Ciel démasque les imposteurs
Et force leurs barbares cœurs
A s’ouvrir aux regards des hommes.
28 17 70[3] 1
Vous m’avez envoyé, Monsieur, une très belle pièce à laquelle j’applaudis bien sincèrement. Vous m’exprimez en fils qui a des entrailles l’attendrissement et de vos parens et de vous mêmes au tableau de la piété filiale que vous leur avez présenté ; c’est un sentiment que j’étais fait pour gouter comme eux et vous, mais dont m’ont privé mes malheurs et mes fautes. Votre lettre me plaît et me touche. Vous vous déclarez peu savant : ah tant mieux ! Soyez toujours homme : étudiez cultivez la nature, ne parlez que d’après elle, et laissez les livres. Vous êtes l’ami de M. l’abbé de Cesarge ; j’en suis bien aise pour l’un et pour l’autre. Il est aimable ; je le crois bien né ; j’aurai toujours part à sa bienveillance, s’il me rend celle que j’ai pour lui. Veuillez, Monsieur, lui faire mes salutations et les recevoir.

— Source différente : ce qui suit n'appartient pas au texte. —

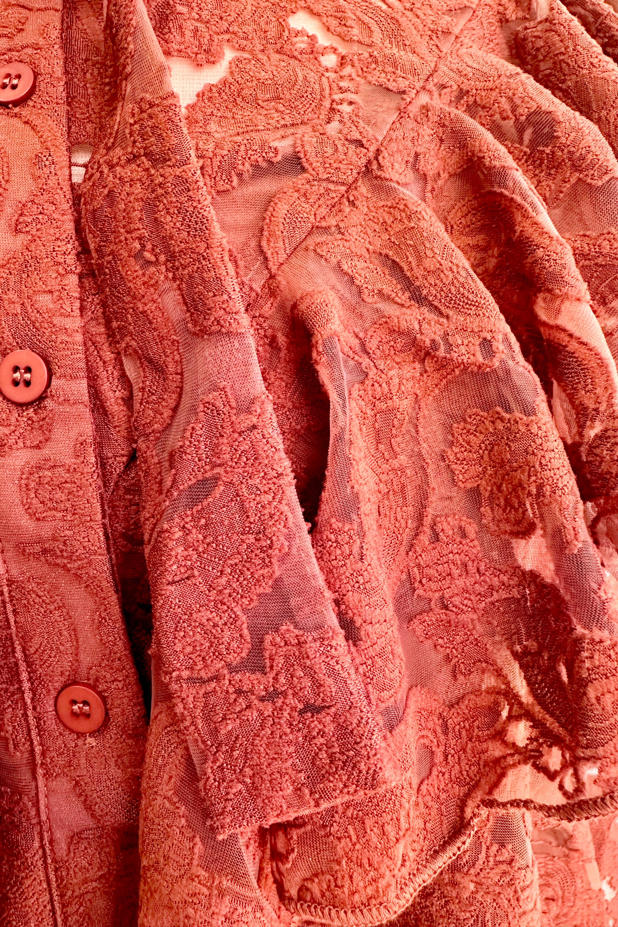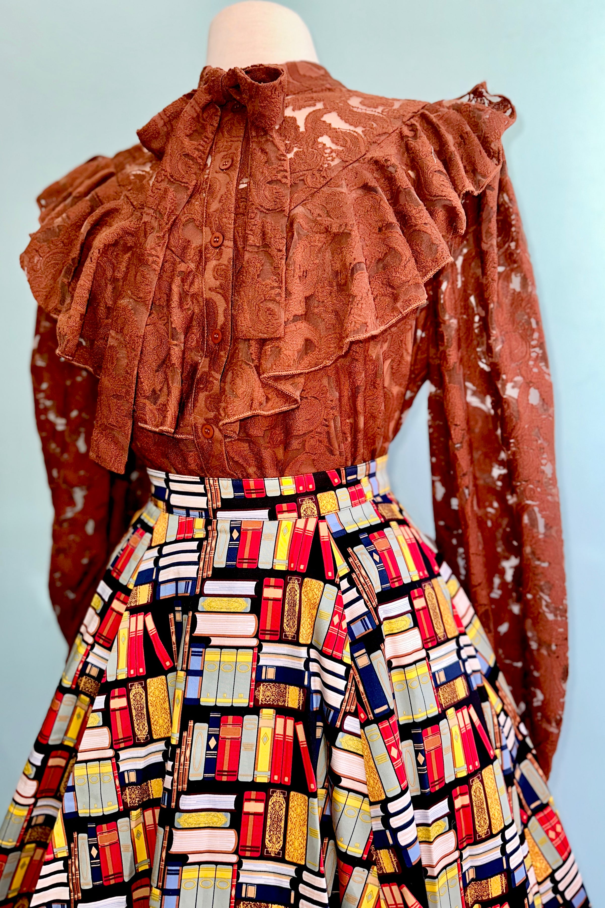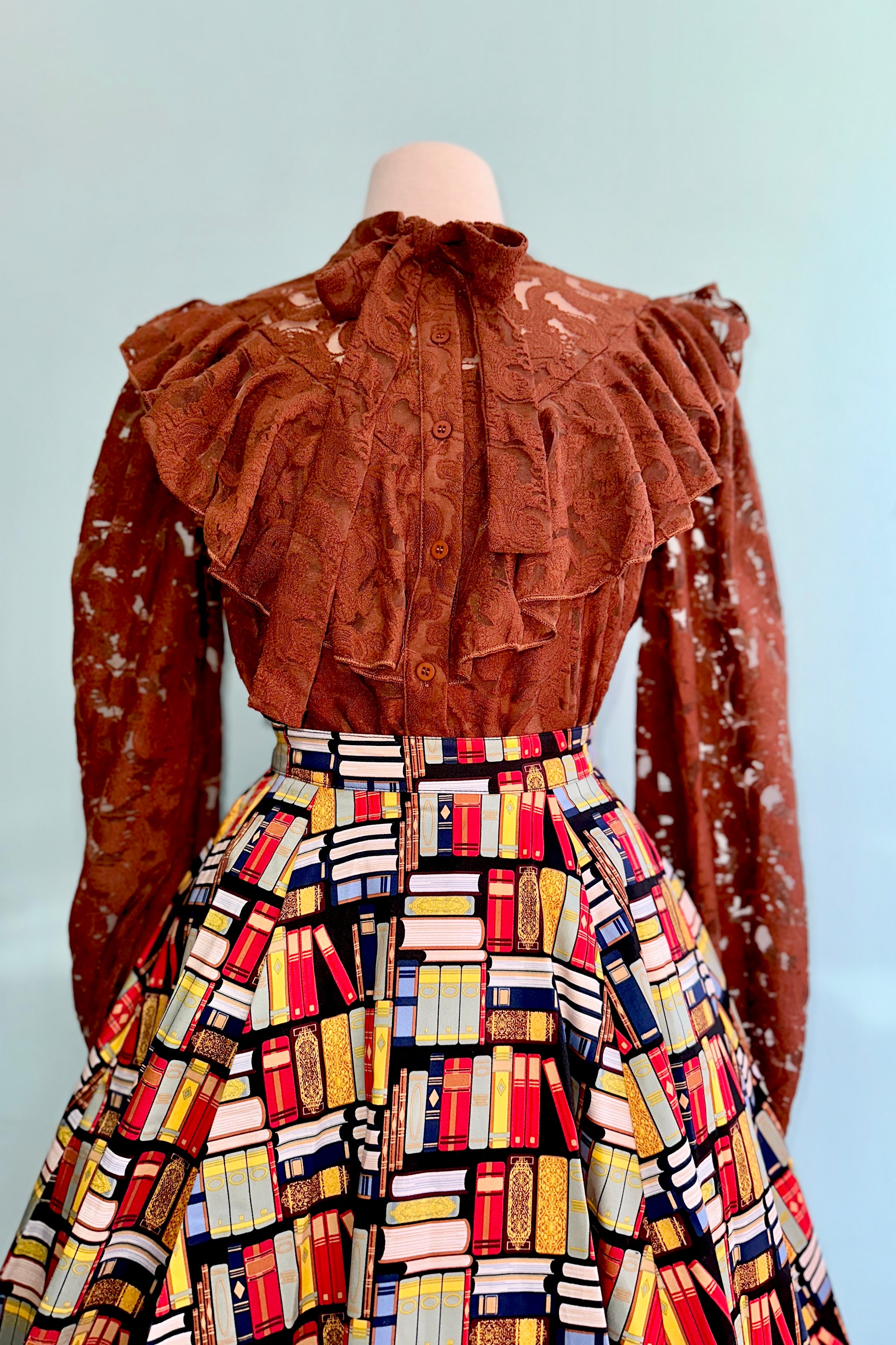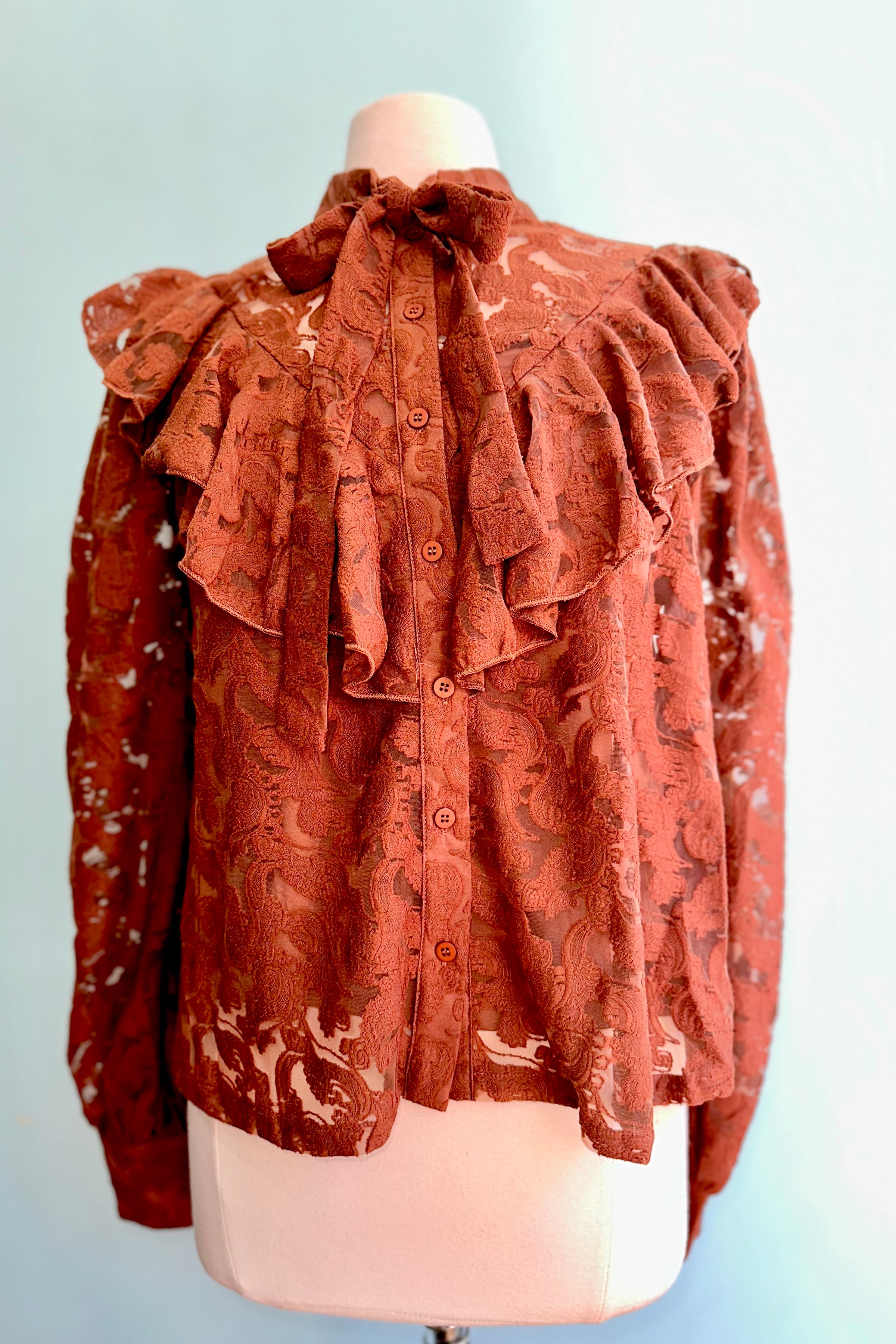 Brown lace button down top with a tie neck. This top has long sleeves that fasten at the wrist and a ruffled yoke. Lined in a tank top
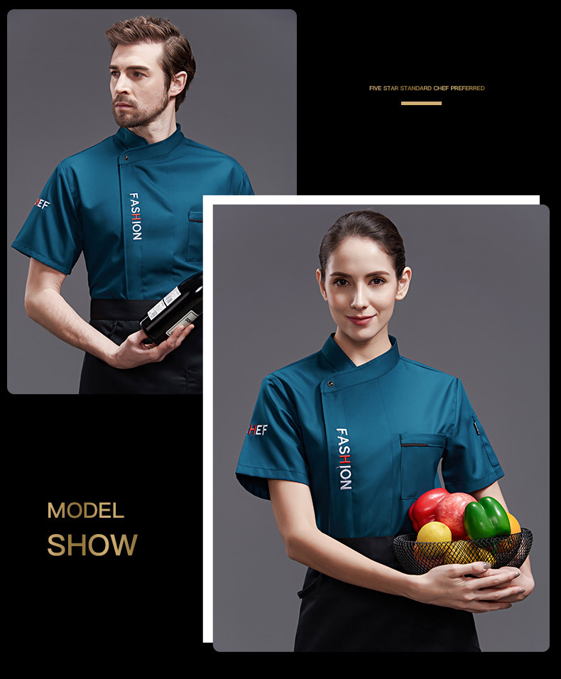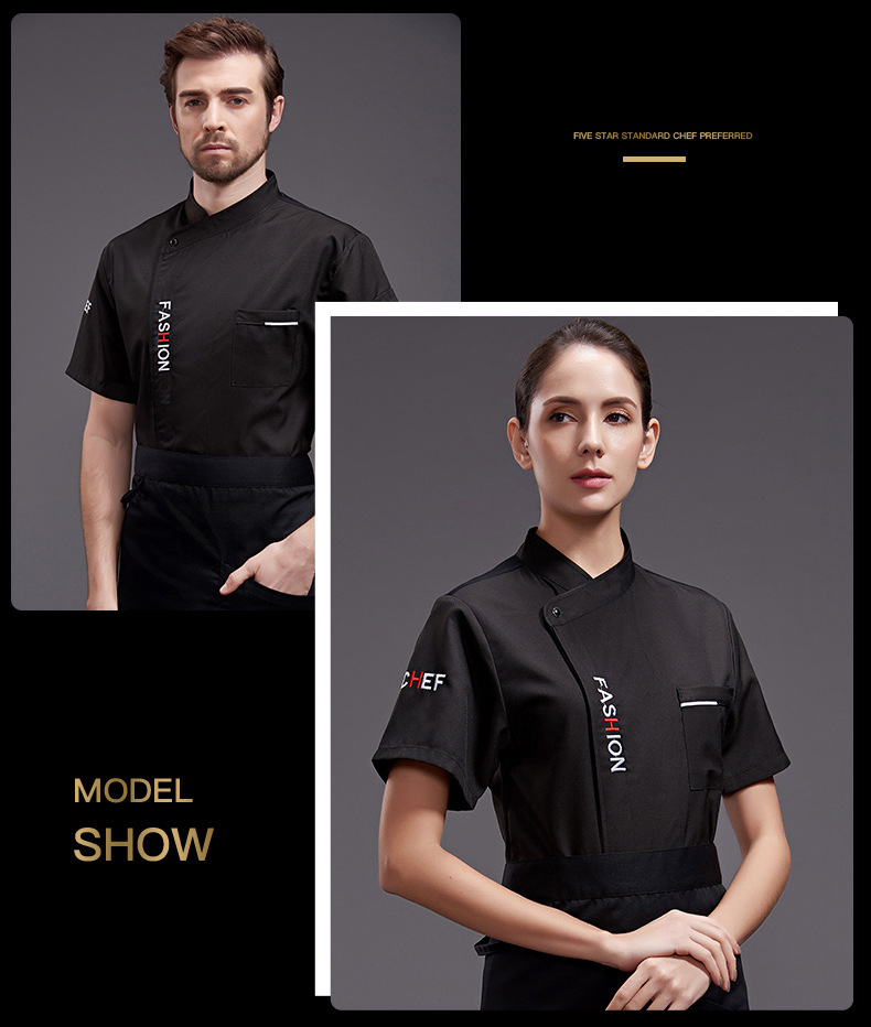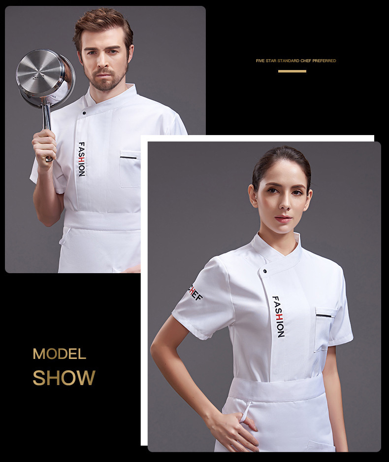 ケータリングシェフ作業服男性と女性のためのハイエンド半袖ホテルキッチンレストラン通気性メッシュシェフ服長袖夏薄手

- ↑ Cf. Annales J. J. Rousseau, t. XV : L. J. Courtois, Chronologie critique, p. 207, note 3.
- ↑ Möbius. J. J. Rousseau’ Krankheitsgeschichte, Leipzig, 1889 ; Châtelain, La folie de J. J. Rousseau, Neuchâtel, 1890.
- ↑ Cette date se lit : 28 janvier 1770. Plusieurs lettres de Rousseau écrites cette année-là sont datées de la même façon et précédées des mêmes vers. Cf. Correspondance générale, t. XIX, p. 215. Voir aussi ci-dessus, p. 171.